The social gaming company pre-announced some ugly third-quarter earnings late Thursday and significantly reduced its financial guidance for the year. Now, Wall Street analysts are beginning to wonder aloud if the company will ever be able to turn things around.
"We don't see a floor on the horizon," said Macquarie Securities analyst Ben Schacter. "Our concern has been and remains that while Zynga executed against its first mover advantage on the Facebook platform, off of the platform they are just one of many."
No one really expected Zynga to hit its earlier projections given how badly the company has performed lately, but the extent of the shortfall is astonishing. For the second half of 2012, Zynga reduced its estimated bookings by about $100 million. It now expects to report a net loss between $90 million and $105 million.
The company also seemingly had a moment of clarity, essentially admitting that it paid way, WAY too much for Draw Something creator OMGPOP earlier this year. In March, the company paid $210 million for the studio. Yesterday, it announced plans to take an $85 to $95 million "impairment charge" — the corporate equivalent of a "whoopsie."
The problems boil down to one thing: People aren't playing the company's games as much as they used to.

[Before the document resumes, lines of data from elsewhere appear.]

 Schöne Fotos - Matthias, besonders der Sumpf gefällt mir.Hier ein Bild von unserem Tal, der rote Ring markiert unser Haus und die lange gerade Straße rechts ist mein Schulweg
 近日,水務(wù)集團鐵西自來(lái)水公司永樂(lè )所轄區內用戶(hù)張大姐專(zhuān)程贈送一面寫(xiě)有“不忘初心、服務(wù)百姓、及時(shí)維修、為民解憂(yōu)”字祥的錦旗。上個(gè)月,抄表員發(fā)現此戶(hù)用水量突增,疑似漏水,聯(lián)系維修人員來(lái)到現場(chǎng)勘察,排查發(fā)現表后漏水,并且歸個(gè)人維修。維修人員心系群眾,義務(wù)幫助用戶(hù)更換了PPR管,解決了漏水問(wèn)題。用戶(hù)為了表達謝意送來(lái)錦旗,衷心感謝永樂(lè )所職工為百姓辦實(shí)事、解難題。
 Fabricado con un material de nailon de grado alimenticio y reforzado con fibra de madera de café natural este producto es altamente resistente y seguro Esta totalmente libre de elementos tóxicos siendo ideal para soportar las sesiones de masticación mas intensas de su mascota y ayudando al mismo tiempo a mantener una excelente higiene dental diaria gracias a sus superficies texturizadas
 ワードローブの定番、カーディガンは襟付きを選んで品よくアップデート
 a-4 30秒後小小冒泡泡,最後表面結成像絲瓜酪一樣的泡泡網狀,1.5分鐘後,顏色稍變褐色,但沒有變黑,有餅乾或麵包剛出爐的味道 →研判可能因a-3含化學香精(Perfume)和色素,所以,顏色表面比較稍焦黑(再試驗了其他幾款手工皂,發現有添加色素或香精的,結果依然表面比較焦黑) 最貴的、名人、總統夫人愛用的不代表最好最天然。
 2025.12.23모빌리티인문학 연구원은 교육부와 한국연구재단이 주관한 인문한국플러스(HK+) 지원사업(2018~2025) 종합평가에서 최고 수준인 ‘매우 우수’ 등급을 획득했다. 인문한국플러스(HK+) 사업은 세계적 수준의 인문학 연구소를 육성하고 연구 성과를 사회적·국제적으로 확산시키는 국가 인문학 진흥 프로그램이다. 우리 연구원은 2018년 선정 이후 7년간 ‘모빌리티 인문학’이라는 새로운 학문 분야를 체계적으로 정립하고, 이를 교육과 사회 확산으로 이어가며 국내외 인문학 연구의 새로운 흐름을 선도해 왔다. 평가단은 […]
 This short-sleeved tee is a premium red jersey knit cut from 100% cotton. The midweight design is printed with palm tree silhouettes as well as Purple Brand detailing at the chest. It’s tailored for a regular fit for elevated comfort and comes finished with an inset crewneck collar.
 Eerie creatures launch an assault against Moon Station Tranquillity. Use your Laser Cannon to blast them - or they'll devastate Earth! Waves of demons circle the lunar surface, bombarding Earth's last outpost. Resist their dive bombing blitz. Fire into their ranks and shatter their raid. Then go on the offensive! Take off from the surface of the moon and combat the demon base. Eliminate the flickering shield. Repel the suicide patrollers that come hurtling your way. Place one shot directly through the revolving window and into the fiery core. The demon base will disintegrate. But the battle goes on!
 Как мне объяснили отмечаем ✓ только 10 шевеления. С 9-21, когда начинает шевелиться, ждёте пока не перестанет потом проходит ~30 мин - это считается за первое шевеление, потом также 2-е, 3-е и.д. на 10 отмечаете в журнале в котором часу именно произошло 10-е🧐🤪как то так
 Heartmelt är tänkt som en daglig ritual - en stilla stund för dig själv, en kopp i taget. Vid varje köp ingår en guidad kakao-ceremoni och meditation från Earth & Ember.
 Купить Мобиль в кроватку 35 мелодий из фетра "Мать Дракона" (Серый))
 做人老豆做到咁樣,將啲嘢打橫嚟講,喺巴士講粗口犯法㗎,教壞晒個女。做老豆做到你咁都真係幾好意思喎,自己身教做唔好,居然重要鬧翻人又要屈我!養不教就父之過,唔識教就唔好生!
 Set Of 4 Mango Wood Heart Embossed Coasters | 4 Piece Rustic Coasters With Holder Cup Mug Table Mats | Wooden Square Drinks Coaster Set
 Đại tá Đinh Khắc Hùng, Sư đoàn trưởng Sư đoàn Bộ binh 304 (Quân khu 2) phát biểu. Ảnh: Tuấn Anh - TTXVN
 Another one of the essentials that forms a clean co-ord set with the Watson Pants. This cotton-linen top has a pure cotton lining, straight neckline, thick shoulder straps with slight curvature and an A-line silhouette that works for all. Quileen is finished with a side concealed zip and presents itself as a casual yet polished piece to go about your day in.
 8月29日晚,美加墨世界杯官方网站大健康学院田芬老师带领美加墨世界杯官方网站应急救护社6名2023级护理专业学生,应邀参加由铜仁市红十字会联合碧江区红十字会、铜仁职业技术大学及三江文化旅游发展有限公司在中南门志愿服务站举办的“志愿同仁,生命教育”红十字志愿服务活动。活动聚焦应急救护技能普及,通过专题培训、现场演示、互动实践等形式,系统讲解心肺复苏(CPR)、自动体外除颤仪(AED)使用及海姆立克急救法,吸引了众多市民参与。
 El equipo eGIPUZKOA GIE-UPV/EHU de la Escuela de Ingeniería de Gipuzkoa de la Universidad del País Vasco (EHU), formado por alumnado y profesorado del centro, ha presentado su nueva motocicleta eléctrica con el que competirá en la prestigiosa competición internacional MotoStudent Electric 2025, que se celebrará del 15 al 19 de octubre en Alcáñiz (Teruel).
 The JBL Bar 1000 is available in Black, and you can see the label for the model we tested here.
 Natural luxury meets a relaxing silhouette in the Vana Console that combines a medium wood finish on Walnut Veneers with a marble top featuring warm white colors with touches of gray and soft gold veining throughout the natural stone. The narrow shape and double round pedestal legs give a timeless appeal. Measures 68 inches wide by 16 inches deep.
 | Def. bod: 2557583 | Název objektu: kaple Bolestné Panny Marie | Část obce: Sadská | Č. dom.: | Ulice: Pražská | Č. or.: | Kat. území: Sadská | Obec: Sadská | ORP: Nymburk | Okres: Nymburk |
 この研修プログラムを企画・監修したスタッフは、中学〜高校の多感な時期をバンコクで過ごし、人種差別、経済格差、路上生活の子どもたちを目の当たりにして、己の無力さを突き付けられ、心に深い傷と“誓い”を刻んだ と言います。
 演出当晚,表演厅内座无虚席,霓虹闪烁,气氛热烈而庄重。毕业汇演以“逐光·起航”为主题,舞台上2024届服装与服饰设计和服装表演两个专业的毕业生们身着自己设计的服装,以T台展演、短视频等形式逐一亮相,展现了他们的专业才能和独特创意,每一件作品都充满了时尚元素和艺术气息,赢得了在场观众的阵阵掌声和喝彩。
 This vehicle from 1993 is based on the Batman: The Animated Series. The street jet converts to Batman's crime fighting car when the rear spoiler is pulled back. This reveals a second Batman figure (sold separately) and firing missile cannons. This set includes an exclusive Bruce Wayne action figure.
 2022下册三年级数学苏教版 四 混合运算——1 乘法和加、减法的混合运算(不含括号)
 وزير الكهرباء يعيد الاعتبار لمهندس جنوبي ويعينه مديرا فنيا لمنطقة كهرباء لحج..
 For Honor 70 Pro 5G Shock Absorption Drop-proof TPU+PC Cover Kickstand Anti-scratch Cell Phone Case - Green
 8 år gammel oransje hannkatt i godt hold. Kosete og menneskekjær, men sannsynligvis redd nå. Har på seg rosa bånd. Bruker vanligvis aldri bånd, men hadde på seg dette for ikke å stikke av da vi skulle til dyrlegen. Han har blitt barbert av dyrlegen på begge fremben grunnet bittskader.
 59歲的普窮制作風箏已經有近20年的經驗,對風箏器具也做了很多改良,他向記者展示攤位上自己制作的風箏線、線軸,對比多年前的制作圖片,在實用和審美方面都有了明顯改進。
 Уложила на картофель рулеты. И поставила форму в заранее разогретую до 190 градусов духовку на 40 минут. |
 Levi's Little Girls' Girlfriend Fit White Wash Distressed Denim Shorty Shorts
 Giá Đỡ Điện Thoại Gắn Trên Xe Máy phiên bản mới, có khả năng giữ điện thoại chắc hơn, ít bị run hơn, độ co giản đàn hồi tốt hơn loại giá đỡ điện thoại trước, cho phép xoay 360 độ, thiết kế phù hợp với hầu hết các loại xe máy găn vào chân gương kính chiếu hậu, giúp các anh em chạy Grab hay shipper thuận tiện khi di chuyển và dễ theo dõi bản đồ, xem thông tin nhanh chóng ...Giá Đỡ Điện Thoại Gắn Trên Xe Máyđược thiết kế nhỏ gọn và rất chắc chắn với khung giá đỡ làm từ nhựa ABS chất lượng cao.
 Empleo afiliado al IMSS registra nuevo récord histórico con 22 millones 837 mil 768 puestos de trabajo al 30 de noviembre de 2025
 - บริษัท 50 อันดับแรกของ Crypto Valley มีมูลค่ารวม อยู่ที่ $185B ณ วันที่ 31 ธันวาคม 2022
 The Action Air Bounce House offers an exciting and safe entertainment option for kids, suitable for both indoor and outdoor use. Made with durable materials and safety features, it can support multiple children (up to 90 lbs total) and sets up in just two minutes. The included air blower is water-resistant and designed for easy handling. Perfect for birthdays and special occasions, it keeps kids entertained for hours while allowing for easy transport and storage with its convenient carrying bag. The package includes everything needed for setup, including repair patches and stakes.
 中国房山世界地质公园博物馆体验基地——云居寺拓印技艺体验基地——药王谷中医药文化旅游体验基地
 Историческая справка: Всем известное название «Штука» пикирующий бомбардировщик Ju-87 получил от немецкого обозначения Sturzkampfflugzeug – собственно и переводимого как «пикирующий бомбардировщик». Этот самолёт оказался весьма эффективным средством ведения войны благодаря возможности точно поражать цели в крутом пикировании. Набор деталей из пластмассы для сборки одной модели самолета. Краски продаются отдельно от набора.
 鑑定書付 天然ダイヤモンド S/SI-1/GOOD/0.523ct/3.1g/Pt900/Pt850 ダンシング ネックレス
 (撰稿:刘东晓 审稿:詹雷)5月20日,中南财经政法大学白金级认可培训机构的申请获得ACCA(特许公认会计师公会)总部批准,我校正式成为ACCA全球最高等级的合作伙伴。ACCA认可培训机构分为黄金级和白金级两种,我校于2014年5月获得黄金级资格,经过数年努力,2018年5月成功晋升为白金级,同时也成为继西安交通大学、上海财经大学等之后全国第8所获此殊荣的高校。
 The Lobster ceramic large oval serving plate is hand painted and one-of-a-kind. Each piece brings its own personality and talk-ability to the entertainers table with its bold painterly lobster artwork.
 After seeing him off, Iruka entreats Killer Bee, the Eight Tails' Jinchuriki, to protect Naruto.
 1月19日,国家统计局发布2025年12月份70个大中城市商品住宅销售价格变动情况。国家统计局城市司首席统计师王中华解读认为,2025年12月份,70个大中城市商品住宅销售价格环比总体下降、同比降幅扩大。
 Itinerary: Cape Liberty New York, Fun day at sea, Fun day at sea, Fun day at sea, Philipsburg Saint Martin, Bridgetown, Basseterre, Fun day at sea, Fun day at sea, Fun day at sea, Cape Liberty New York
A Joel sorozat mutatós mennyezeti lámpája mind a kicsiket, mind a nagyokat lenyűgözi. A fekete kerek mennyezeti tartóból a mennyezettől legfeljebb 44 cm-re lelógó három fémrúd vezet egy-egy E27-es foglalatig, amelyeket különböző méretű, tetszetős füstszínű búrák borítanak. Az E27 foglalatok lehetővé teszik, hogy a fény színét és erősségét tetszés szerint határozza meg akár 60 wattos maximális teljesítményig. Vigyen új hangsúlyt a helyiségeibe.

The number of daily average users (DAUs) in the third quarter "were down 15-20 percent sequentially as traffic from new titles was not enough to offset the declines in existing games," notes Sterne Agee's Arvind Bhatia.
The troubles at Zynga were somewhat forecast by the staggering number of executives who have jumped ship from the company in the past few months. At least seven C-level bosses have left the company since the beginning of August, and now it appears the creators of smash hit Words with Friends have also bailed out.
Unsurprisingly, the company's stock is down 20% to about $2.30 in early trading on Friday, a whopping 75% decline since its IPO in December of 2011. But some analysts say they're not giving up hope yet.
"It is not clear that Zynga will turn this around quickly," says Wedbush Securities' Michael Pachter. "Management has whiffed two out of the last three quarters … [but] if management reins in costs and focuses on fewer, bigger games, we think that the company has the potential to grow revenues. … While it is sorely tempting for us to jump on the Zynga-hater bandwagon, we are strangely fascinated by the company's business model, and believe that there is great potential to turn things around."